* [BRIEF]: Return the material below exactly, but only from the line with "For the circuit" through the line with "Черная сумка Balenciaga", and without its pictures.

* [EXTRACTED DATA]:
- Opening Delimiter -

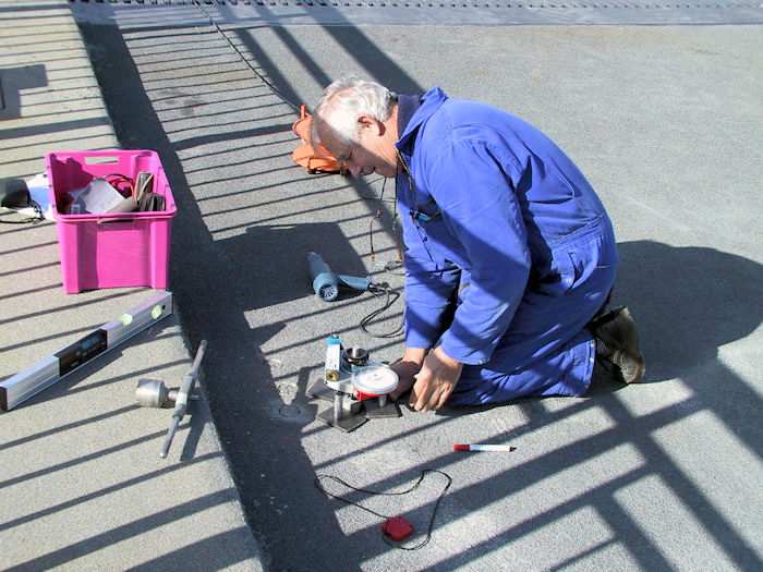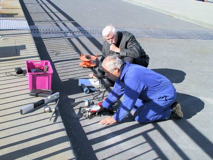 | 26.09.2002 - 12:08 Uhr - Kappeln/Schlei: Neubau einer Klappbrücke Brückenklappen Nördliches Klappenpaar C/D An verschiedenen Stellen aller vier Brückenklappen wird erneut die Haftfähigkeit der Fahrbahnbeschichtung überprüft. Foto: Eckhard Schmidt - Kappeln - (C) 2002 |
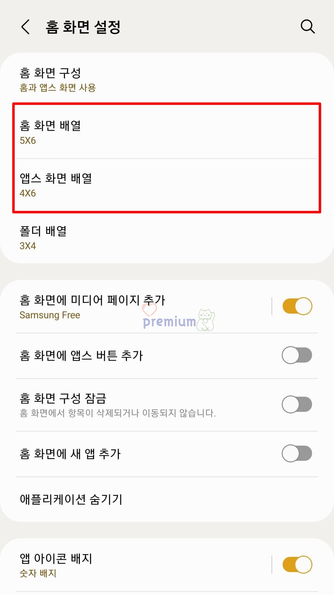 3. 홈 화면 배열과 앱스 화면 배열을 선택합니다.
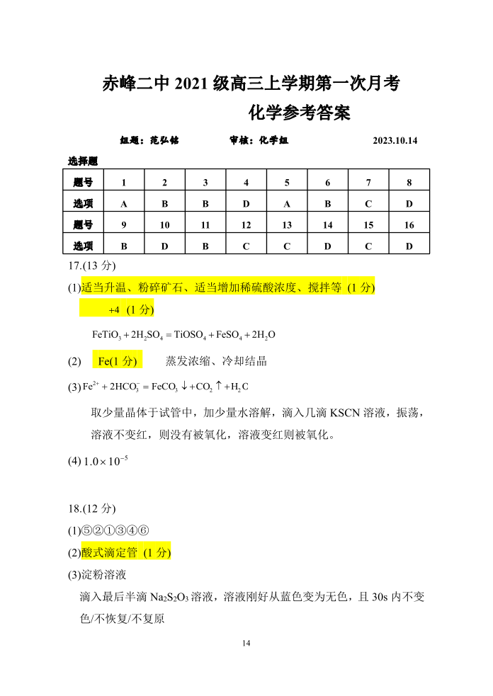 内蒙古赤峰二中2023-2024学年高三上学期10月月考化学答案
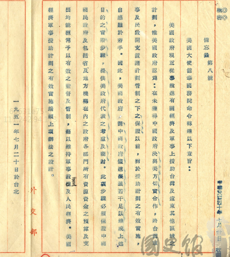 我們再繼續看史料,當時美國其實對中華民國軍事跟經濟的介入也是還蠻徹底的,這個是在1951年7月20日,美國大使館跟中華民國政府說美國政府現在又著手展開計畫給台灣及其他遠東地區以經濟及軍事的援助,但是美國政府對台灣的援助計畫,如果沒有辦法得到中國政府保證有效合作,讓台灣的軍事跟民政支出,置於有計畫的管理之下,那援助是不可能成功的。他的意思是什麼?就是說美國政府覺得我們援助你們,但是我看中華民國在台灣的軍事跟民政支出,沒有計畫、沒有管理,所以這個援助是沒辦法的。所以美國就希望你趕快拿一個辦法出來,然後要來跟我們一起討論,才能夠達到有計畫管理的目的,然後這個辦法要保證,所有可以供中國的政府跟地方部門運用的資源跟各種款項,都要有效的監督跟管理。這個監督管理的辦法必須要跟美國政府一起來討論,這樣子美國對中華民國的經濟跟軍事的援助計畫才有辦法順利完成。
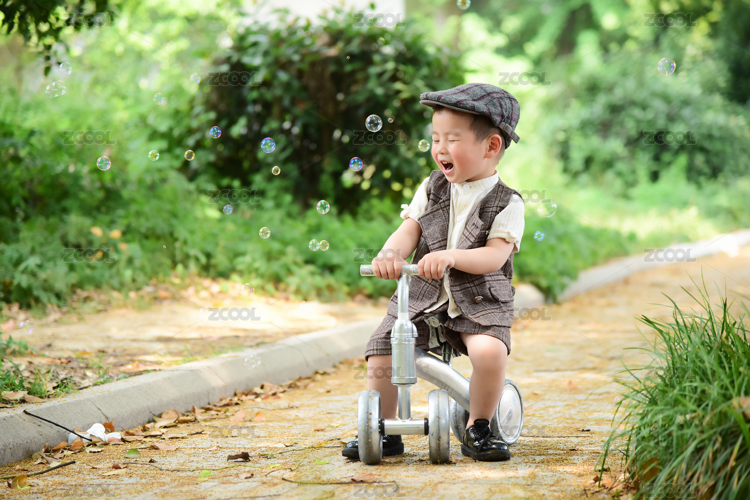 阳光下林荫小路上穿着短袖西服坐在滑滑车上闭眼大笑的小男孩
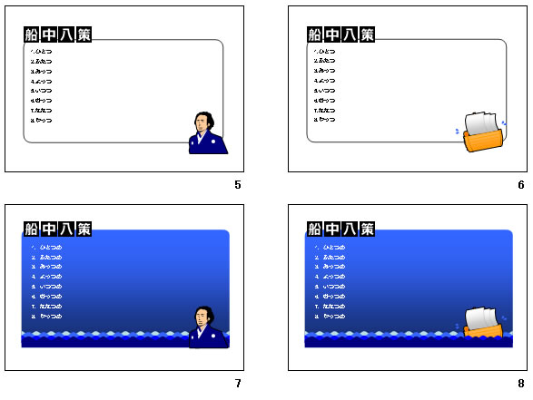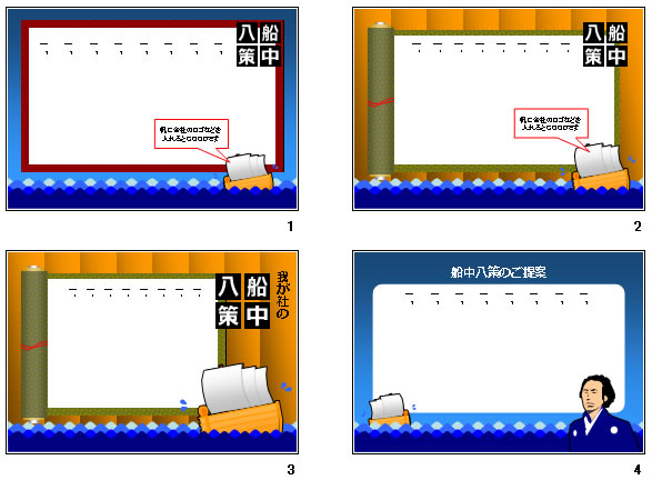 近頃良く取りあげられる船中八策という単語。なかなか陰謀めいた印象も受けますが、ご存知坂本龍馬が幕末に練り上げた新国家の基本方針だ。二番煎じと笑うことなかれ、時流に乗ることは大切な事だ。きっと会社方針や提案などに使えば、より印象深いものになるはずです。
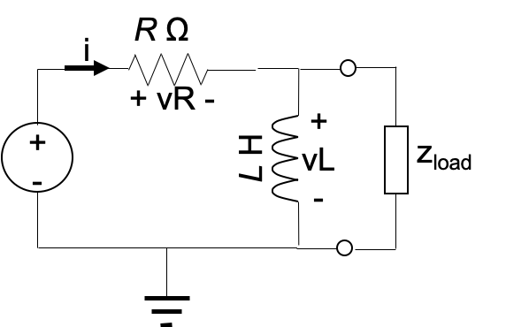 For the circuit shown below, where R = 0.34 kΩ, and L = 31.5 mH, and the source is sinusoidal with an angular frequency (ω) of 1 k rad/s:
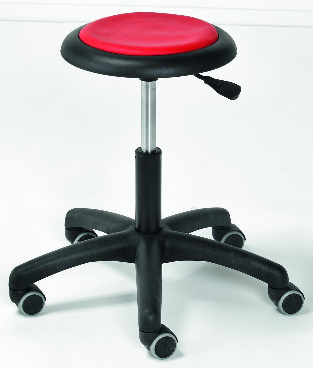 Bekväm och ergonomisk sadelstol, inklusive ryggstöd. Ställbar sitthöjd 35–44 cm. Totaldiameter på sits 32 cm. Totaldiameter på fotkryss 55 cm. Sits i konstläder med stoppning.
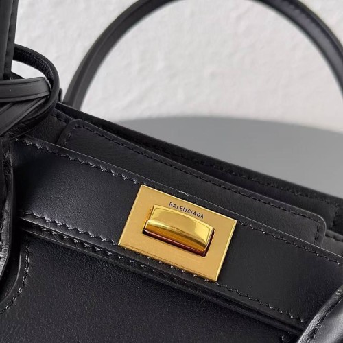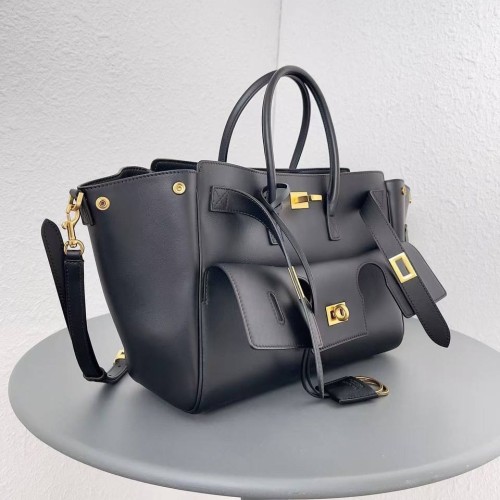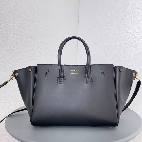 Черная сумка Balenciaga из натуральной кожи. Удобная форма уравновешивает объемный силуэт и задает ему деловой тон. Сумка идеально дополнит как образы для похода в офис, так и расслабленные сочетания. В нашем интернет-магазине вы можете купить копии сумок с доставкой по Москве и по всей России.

- Closing Delimiter -
- Opening Delimiter -

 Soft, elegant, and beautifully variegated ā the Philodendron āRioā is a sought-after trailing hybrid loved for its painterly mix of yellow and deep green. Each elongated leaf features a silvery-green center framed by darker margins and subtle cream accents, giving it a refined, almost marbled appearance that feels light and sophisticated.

- Closing Delimiter -

* [TASK OUTPUT]:
 For the circuit shown below, where R = 0.34 kΩ, and L = 31.5 mH, and the source is sinusoidal with an angular frequency (ω) of 1 k rad/s:
 Bekväm och ergonomisk sadelstol, inklusive ryggstöd. Ställbar sitthöjd 35–44 cm. Totaldiameter på sits 32 cm. Totaldiameter på fotkryss 55 cm. Sits i konstläder med stoppning.
 Черная сумка Balenciaga из натуральной кожи. Удобная форма уравновешивает объемный силуэт и задает ему деловой тон. Сумка идеально дополнит как образы для похода в офис, так и расслабленные сочетания. В нашем интернет-магазине вы можете купить копии сумок с доставкой по Москве и по всей России.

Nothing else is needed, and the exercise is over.